= Derrinlough briquette factory =

Peat briquette factory in Ireland
The Derrinlough briquette factory was a briquette manufacturing facility in County Offaly, Ireland, opened in 1960. It ceased production on 26 May 2023.

==History==
The factory was constructed by Bord Na Mona from 1957 to 1959, near Birr in County Offaly. Production started in 1959 and it was officially opened in 1960. Part of the cost was financed by a £500,000 loan from Guinness in addition to other borrowings.

The original briquette factory in Lullymore was unable to meet market demands by the 1950s as it could only produce about 40000 tonnes per annum even after modifications. Plans were advanced for two new factories, one located in the Derrygreenagh group of bogs in east Offaly and a second in the Boora group in west Offaly. Construction of Derrinlough started in 1957, with Croghan starting soon after. Derrinlough began production in late 1959 with its official opening in 1960.

The Derrinlough facility has a design capacity of 135000 tonnes per annum. It is the last peat briquette factory in operation in Ireland (Lullymore closed in 1991, and Croghan in 2000, while the newest factory, in Littleton, closed in 2018). Production of peat briquettes is due to finish in Derrinlough in 2024 but due to poor quality raw material stocks and issues with plant reliability, the closure was brought forward to June 2023.

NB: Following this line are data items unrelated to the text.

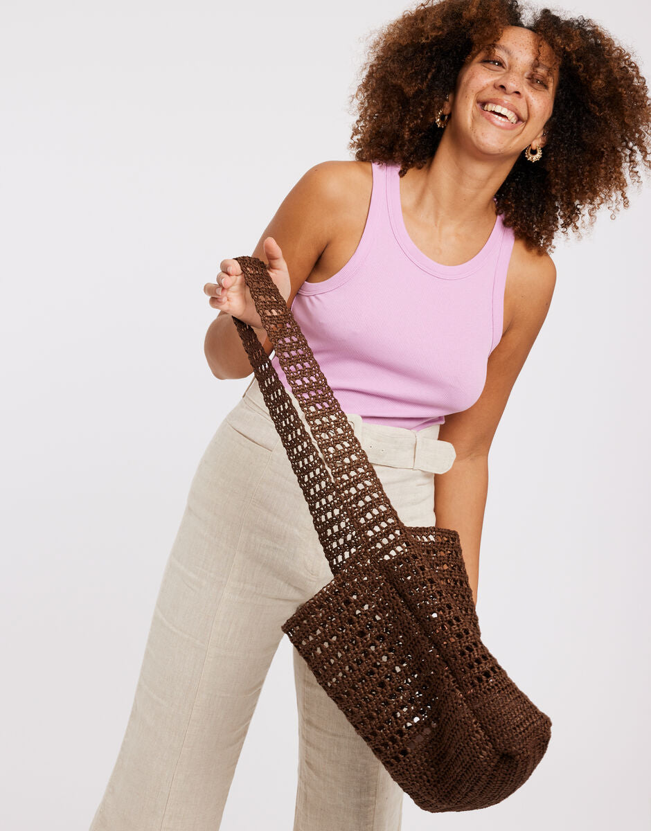 Ever wanted to crochet your own arm candy? Now’s your chance. This easy-level make uses half double crochet and chain spaces to stitch up a sweet shoulder bag in 15 hours.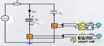 在被試驗電纜Cx注入標準局放信號Qo以模擬被試對象發生了局部放電,當標準局放信號注入時,檢測阻抗Zm1、Zm2輸出信號,測試系統M獲取局放信號的幅值大小、相位分布特征、頻譜特性等信息。
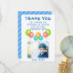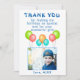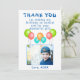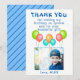 Baloes Aniversário Infantil Foto Cartão de agradecimento. Cartão de agradecimento de balão de aniversário para a festa de aniversário das crianças. Este design vem com balões nas cores vermelho, azul, rosa e verde. Personalize o cartão com o nome do seu filho, mensagem de agradecimento e foto.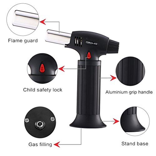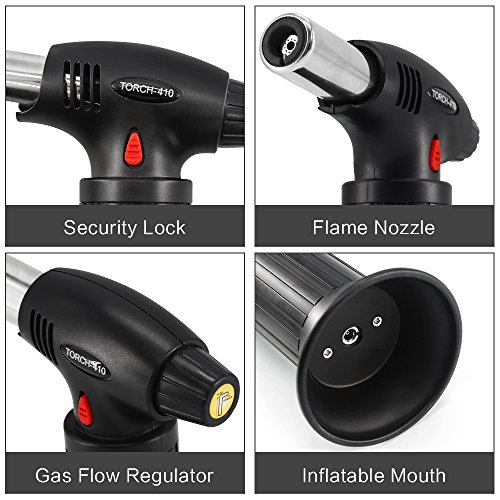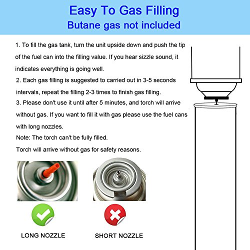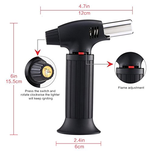 ❤ EXTREMELY EASY TO USE: You deserve to feel confident and be the boss of flame production. Starting the flame is as easy as pressing the CHILD SAFETY LOCK and the TRIGGER button after rotating the FLAME ADJUSTABLE KNOB counter. Depending on what you're using the torch for, you can easily adjust the intensity of the flame. It is very easy to refill the blow torch using widely available BUTANE GAS (NOT INCLUDED). ❤ 180 DAYS WARRANTY.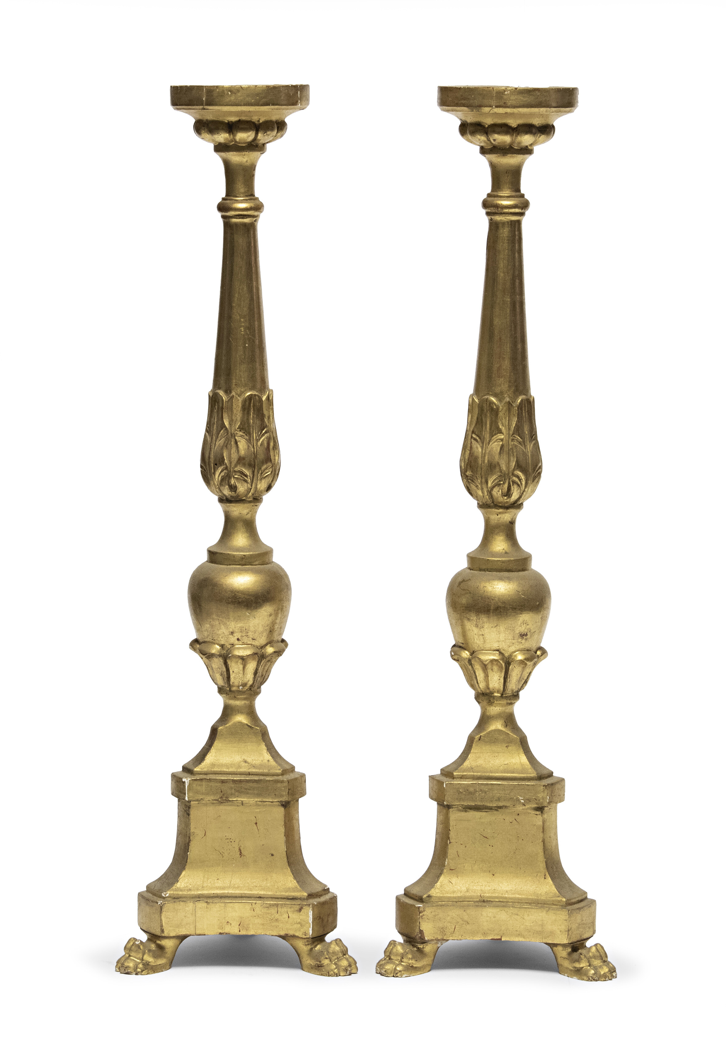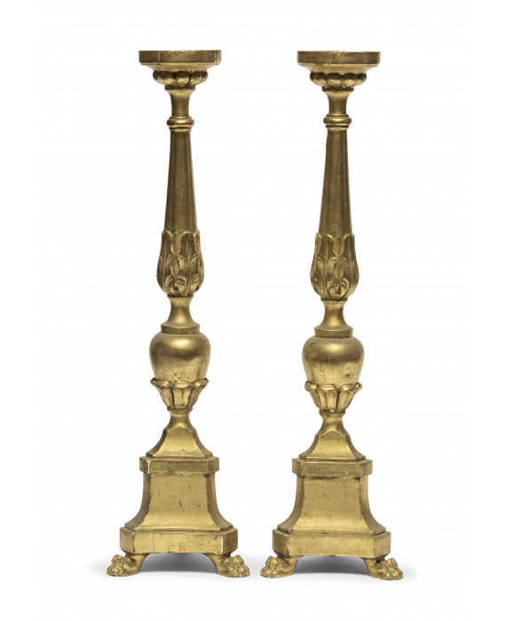 COPPIA DI CANDELIERI IN LEGNO DORATO, INIZI XIX SECOLO con fusto incamiciato a foglie e piedi ferini. Misure cm. 61 x 21.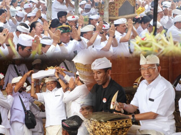 Hadir langsung dalam momen sakral tersebut, Gubernur Bali Wayan Koster didampingi Sekretaris Daerah Provinsi Bali Dewa Made Indra. Namun kehadiran Koster tak sekadar seremonial. Di sela prosesi, ia turut ngayah dengan memainkan gamelan gangsa—sebuah aksi “megambel” yang spontan menyatu dengan denyut spiritual umat.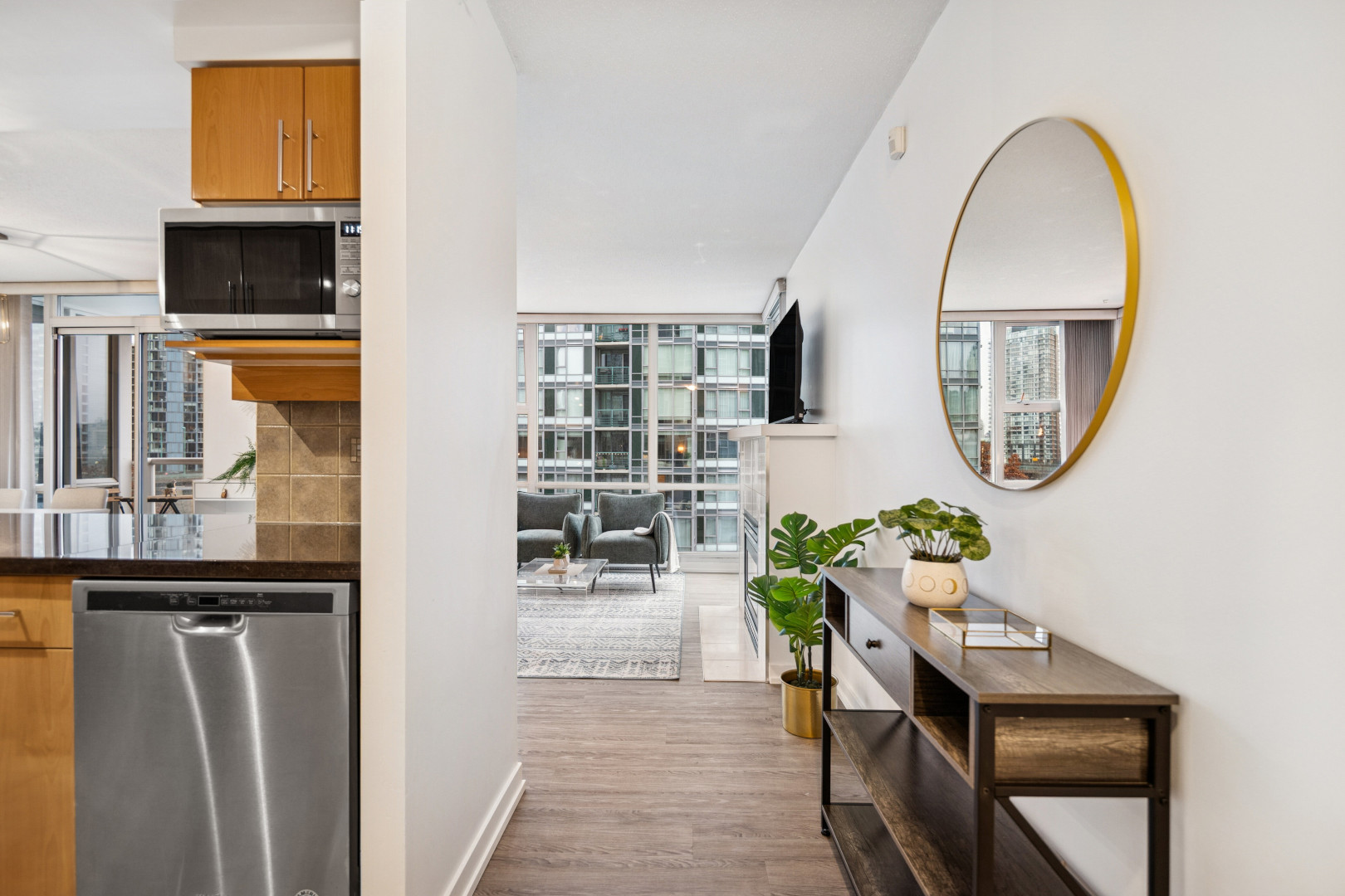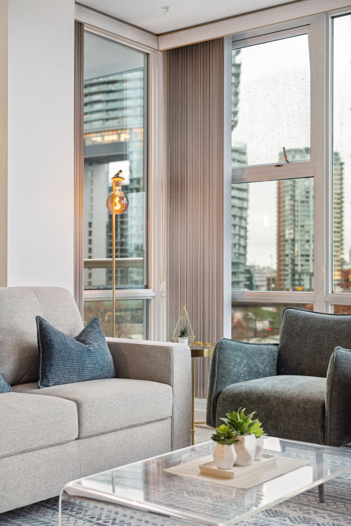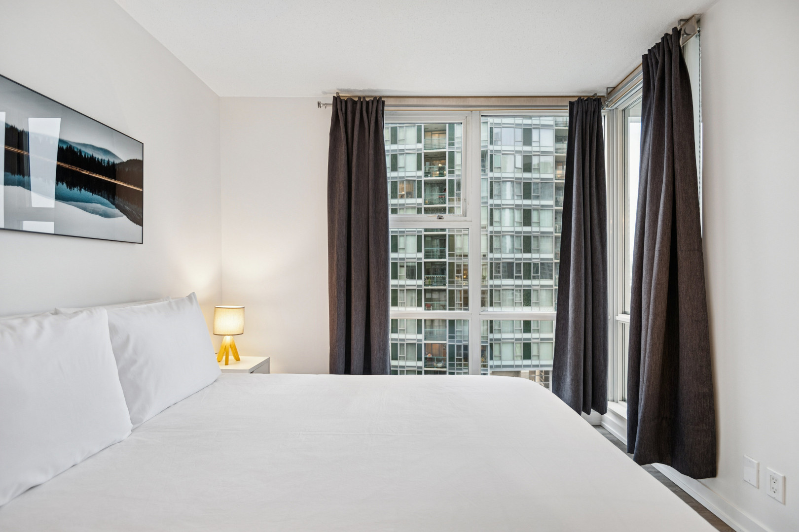 We guarantee our imagery. All properties are a minimum 90-day stay. Stays of 30-days or more are tax-exempt. All properties are non-smoking. Pet-friendly properties available on request. All properties include: fully equipped kitchen, complete hospitality-quality linen package, in-suite laundry, one parking spot, local telephone, 750 mbps wired + wifi internet, monthly housekeeping, utilities, and 24/7/365 support.

The briquette factory was scheduled to close in 2024, in line with Bord Na Mona's "Brown to Green" strategy. The Board has started construction on a 21 turbine 127 MW wind farm in early 2022. There are some other proposals for the reuse of the factory site but no plans are at an advanced stage at the time of the plant's final shutdown. The Board and Amazon Web Services signed an agreement in 2024 to develop data centers in the area.